Retrieval Likelihood#

After fitting a transmission spectrum with ExoIris, the next step is often atmospheric retrieval: comparing the measured spectrum to theoretical models to infer atmospheric properties. This step requires a likelihood function that properly accounts for the statistical structure of the ExoIris posterior, and a naive approach fails in a subtle but important way.

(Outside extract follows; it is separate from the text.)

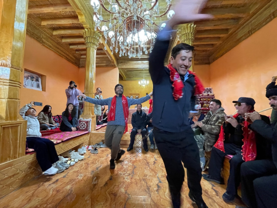 龙吉克的兴致很高,在自家的“蓝盖力”(塔吉克族传统土木结构房屋——编者注)里为大家献上一段塔吉克族传统鹰舞,在场师生都被热烈的气氛感染,纷纷下场加入。

The Rank-Deficiency Problem#

ExoIris parameterises the transmission spectrum with \(K\) radius-ratio knots, which are then interpolated to \(M\) data wavelengths. Since \(M \gg K\), the posterior samples live in a \(K\)-dimensional subspace of the \(M\)-dimensional wavelength space. The full \(M \times M\) covariance matrix is therefore singular: it has only \(K\) non-zero eigenvalues. A standard multivariate Gaussian likelihood cannot be evaluated because the covariance matrix is not invertible.

Karhunen-Loeve Decomposition#

ExoIris solves this using a Karhunen-Loeve (principal component) decomposition of the posterior covariance. The eigendecomposition identifies the \(K\) significant principal components and discards the near-zero eigenvalues that correspond to directions with no posterior variance. The resulting reduced-rank likelihood is:

\[\ln \mathcal{L} = -\frac{1}{2} \left( \sum_{i=1}^{K} \frac{p_i^2}{\lambda_i} + \ln \prod_{i=1}^{K} \lambda_i + K \ln 2\pi \right)\]

where \(p_i\) are the projections of the residuals onto the eigenvectors and \(\lambda_i\) are the corresponding eigenvalues. This gives a statistically rigorous likelihood that lives in the correct subspace, ready to be plugged into any atmospheric retrieval framework.